[Opening Input records section]

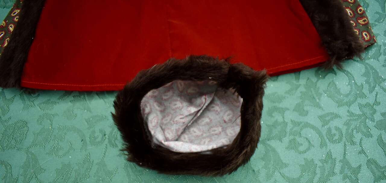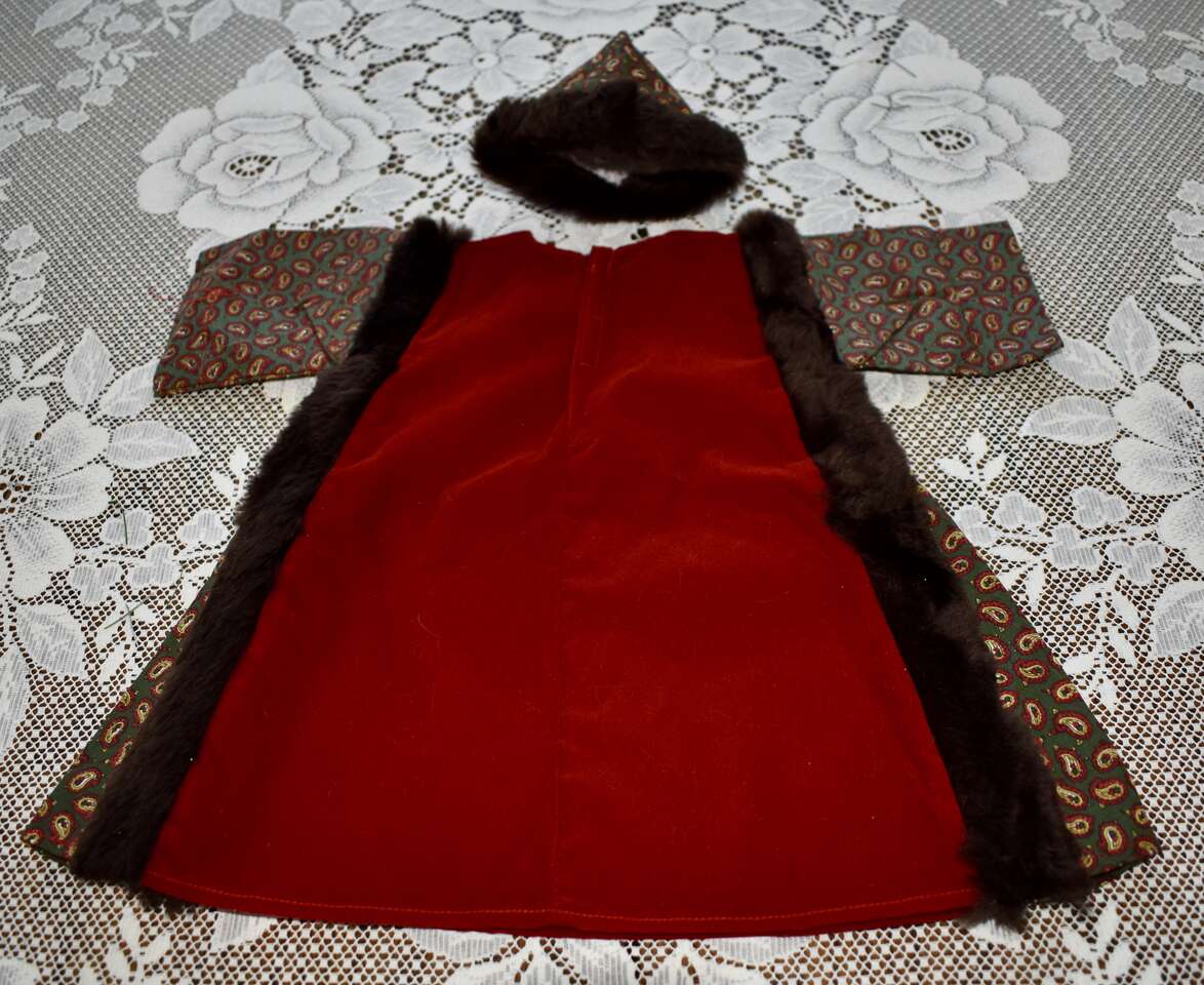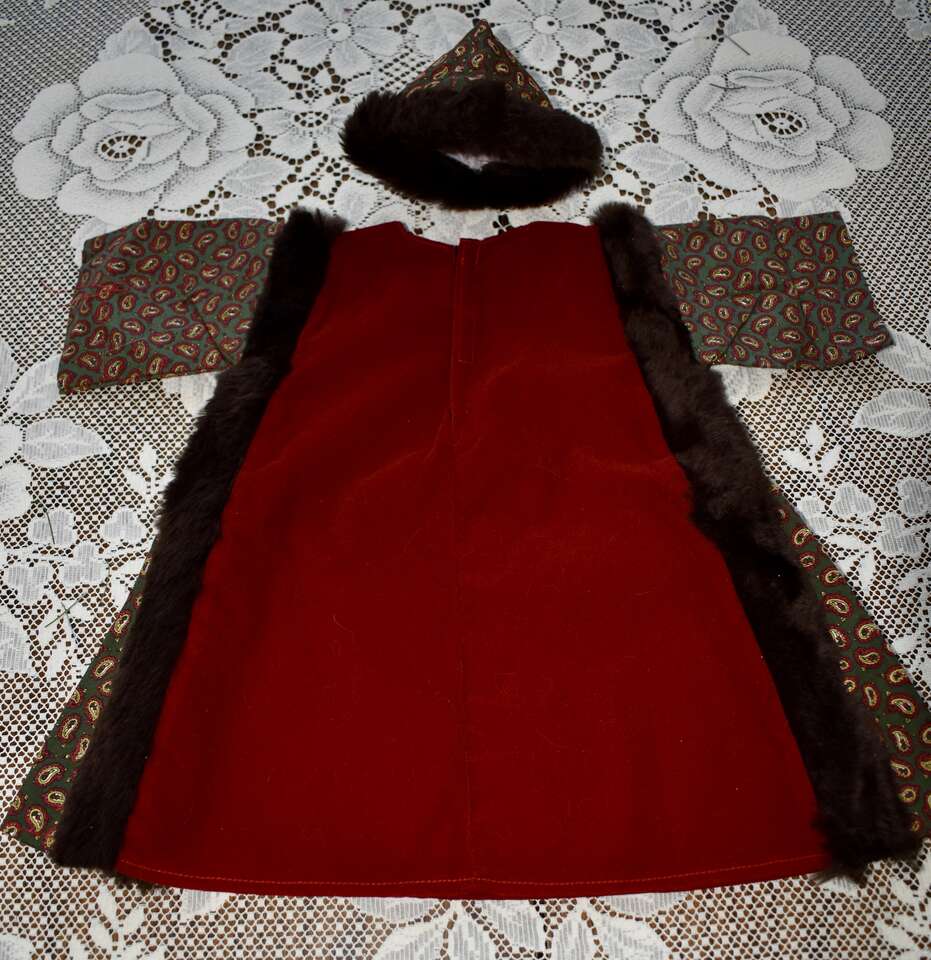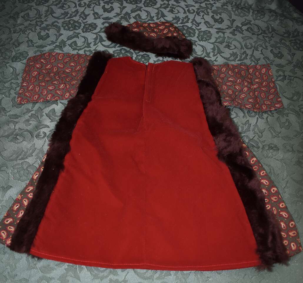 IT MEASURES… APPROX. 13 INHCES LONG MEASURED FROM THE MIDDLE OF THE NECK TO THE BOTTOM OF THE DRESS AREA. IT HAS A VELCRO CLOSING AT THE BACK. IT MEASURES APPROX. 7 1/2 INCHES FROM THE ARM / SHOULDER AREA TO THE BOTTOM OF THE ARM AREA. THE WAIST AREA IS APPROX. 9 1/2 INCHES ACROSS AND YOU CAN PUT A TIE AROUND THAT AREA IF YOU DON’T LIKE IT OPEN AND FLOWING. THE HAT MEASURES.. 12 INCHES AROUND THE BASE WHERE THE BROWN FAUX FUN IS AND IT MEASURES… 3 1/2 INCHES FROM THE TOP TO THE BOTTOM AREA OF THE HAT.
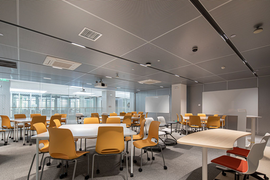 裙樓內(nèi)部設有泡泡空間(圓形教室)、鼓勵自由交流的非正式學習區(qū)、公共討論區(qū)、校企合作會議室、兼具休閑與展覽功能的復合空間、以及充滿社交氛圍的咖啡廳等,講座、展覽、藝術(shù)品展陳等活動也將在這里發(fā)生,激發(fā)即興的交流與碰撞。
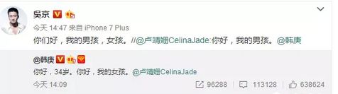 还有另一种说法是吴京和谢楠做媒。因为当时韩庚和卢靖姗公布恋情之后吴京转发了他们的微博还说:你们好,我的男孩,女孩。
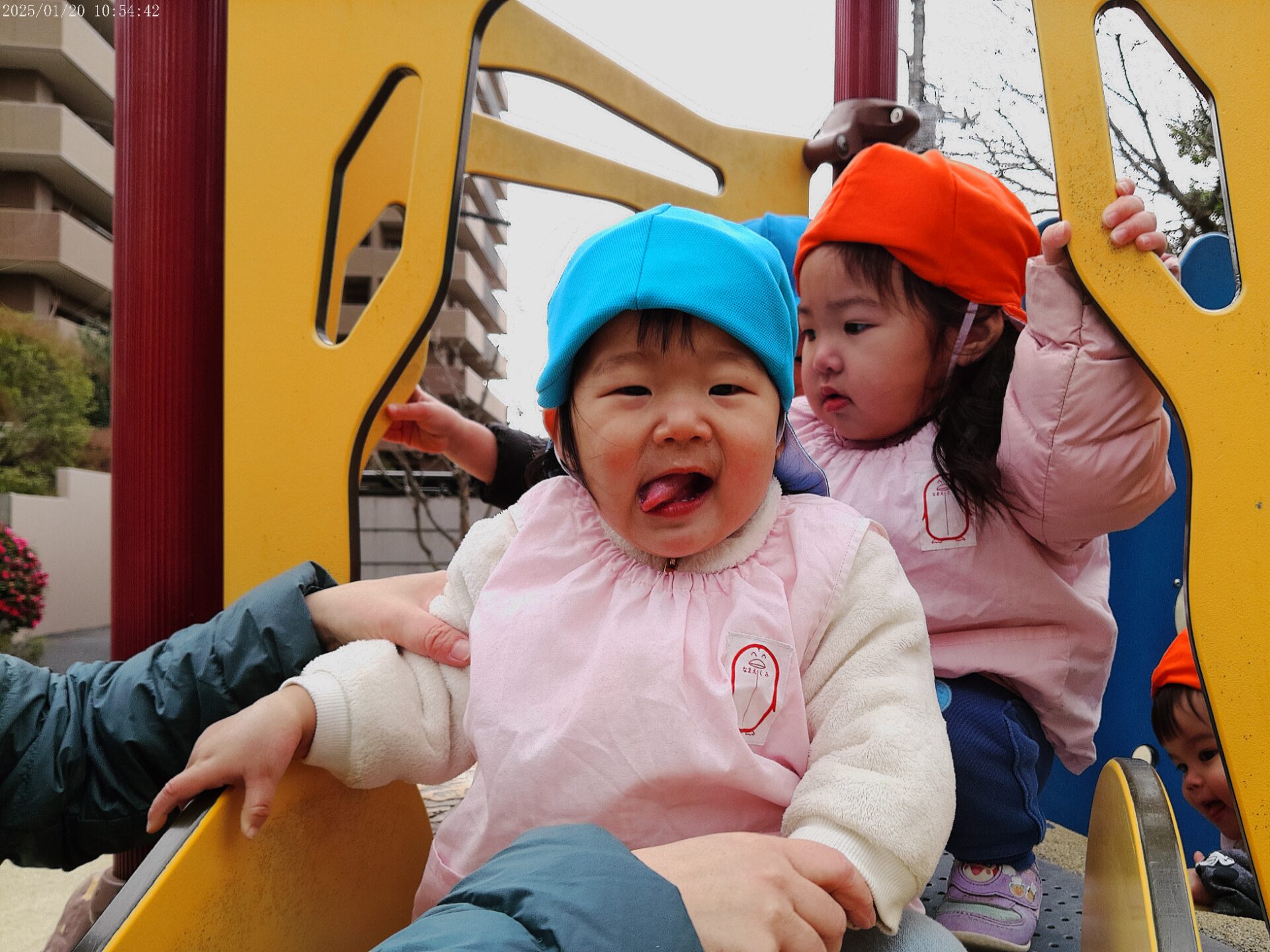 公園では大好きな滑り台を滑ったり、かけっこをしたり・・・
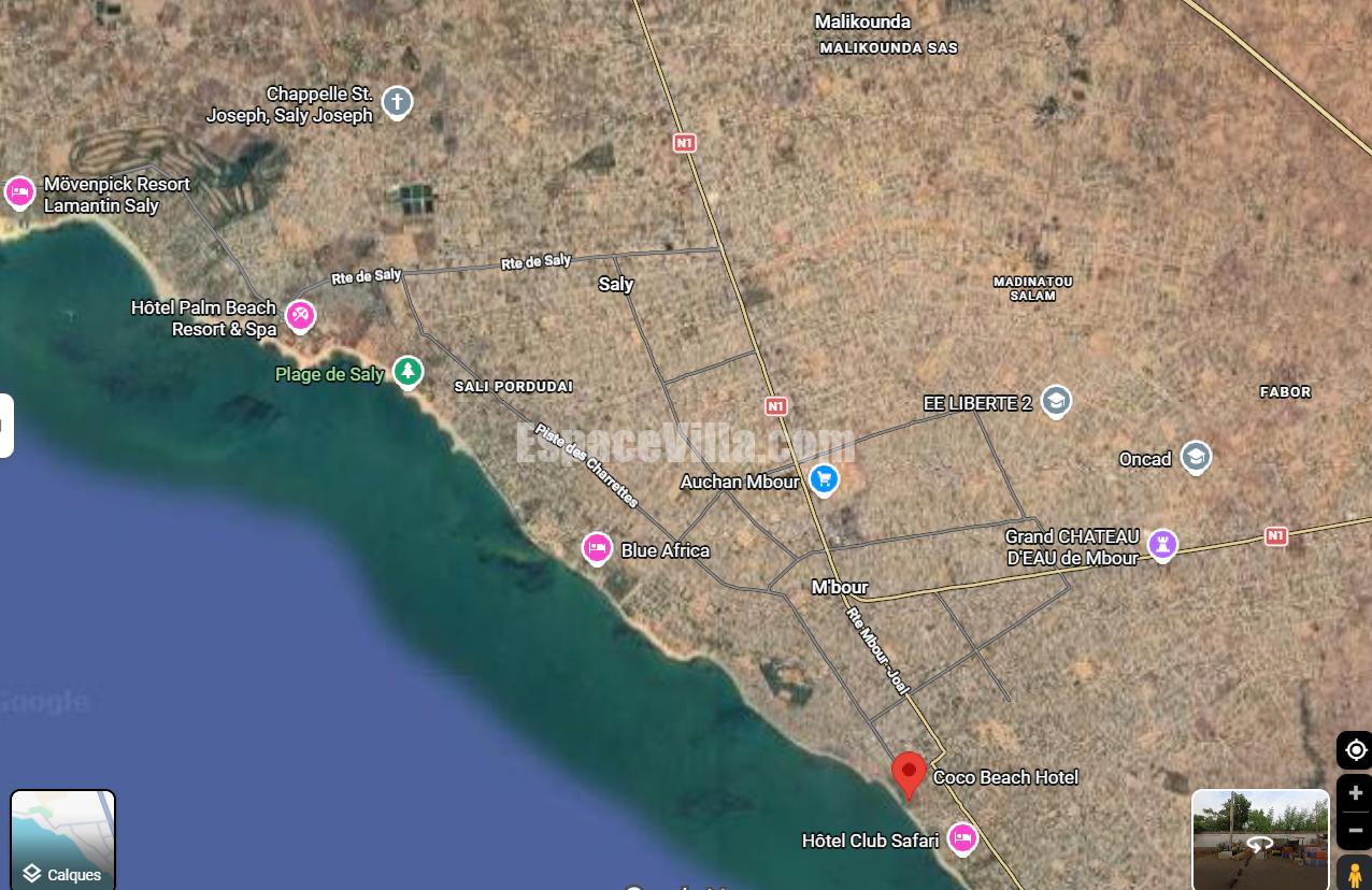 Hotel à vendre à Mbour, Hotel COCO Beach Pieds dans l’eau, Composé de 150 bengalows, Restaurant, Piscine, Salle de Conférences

[Closing Input records section]

[Exercise instructions]
Going from the line holding "还有另一种说法是吴京和谢楠做" to the last line of the data above, reproduce every line exactly, both included, with the pictures omitted.

[Result of the exercise]
 还有另一种说法是吴京和谢楠做媒。因为当时韩庚和卢靖姗公布恋情之后吴京转发了他们的微博还说:你们好,我的男孩,女孩。
 公園では大好きな滑り台を滑ったり、かけっこをしたり・・・
 Hotel à vendre à Mbour, Hotel COCO Beach Pieds dans l’eau, Composé de 150 bengalows, Restaurant, Piscine, Salle de Conférences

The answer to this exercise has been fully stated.